Catalyst Pharmaceutical shares plummet on competitor’s positive results

Catalyst Pharmaceutical (NASDAQ: CPRX) shares tumbled as much as 42% after Jacobus Pharmaceuticals, a competitor, disclosed positive results of 3,4-diaminopyridine (3,4-DAP, amifampridine) in patients with Lambert-Eaton myasthenic syndrome (LEMS) at the AAN2015 Annual Meeting.

LEMS is a rare autoimmune disease with a prevalence of 3000 patients in the U.S. and Canada. In LEMS patients, autoantibodies are formed against calcium channels, resulting in muscle weakness. Approximately 50% of LEMS patients have small cell lung cancer (SCLC) and will not survive for long.

3,4-DAP is recommended to improve LEMS symptoms. The compound blocks potassium channel efflux in nerve terminals so that calcium channels can be open for a longer time. In 2010 BioMarin Pharmaceutical (NASDAQ: BMRN) launched Firdapse (3,4-DAP phosphate) in the EU. Firdapse is the first and only approved drug for this indication.

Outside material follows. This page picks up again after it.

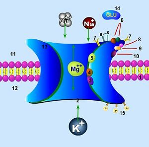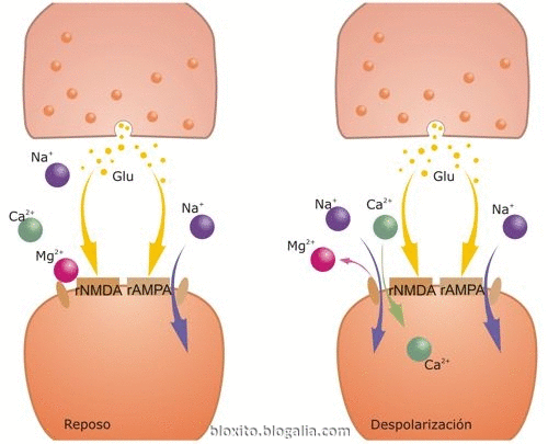 Durante la transmisión sináptica normal, el glutamato (Glu) se libera desde el botón presináptico y actúa tanto sobre receptores AMPA (rAMPA) como NMDA (rNMDA). Sin embargo, el Na+ fluye solamente a través de rAMPA, pero no de rNMDA, porque el Mg2+ bloquea el canal del rNMDA. La despolarización de la célula postsináptica libera el bloqueo del rNMDA por el Mg2+, permitiendo fluir dentro de la espina dendrítica al Na+ y al Ca2+ a través del rNMDA. El aumento resultante del Ca2+ dentro de la espina dendrítica es crítico para la puesta en marcha de la una de las formas de memoria.

In October 2012, BioMarin out-licensed North American rights of Firdapse to Catalyst. In August 2013, Firdapse received Breakthrough Therapy Designation from the FDA. In September 2014, Catalyst announced positive Phase III results. Catalyst expects an NDA submission to the FDA by 2015Q3. If approved, Firdapse may cost $60,000-80,000 per year, which would yield sales of $200 million.

For the past 20 years, Jacobus Pharmaceuticals, a family-owned pharmaceutical company has provided LEMS patients with 3,4-DAP for free in the U.S. under an FDA-approved compassionate use program. Compassionate use, also called expanded access, provides a pathway for patients to use investigational drugs that have not yet been approved by the FDA.

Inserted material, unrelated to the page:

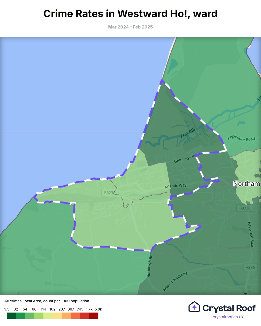 Westward Ho!, (ward) includes areas with the following crime ratings (see map):

The company was founded by David Jacobus in 1977. About 20 years ago, Jacobus began to manufacture 3,4-DAP at the request of the Muscular Dystrophy Association. Jacobus sends 3,4-DAP to patients or their doctors every three months. The only thing Jacobus asks in return is that patients should mail back the ice packs used to protect 3,4-DAP.

Why supply 3,4-Dap for free? “Because supplying the drug for free is the right thing to do,” said Laura Jacobus. She also charged Catalyst with greed and indifference to LEMS patients. “They don’t want to help LEMS patients; they just want to make money.” Jacobus are conducting its own clinical trial to win FDA approval.

However, no one is perfect. The Jacobus compassionate use program can only reach 100-200 patients, which means most patients do not have access to treatment. Even more serious is the cGMP defects of Jacobus in the past. The FDA issued 483 inspection reports for the Jacobus facility in 2011 and again in 2012 (read them here and here).

Catalyst’s Firdapse contains the phosphate salt of 3,4-DAP. The phosphate salt form is more stable than the free base form of the 3,4-DAP that is available from Jacobus. Catalyst CEO Patrick McEnany stressed that their 3,4-DAP is produced under all requirements of cGMP. If there were an approved drug by the FDA, most patients would have easy access to this drug.

Catalyst and Jacobus are racing to get 3,4-Dap approved by the FDA. The winner will get seven years of orphan drug exclusivity in the U.S. and the loser would be frozen out.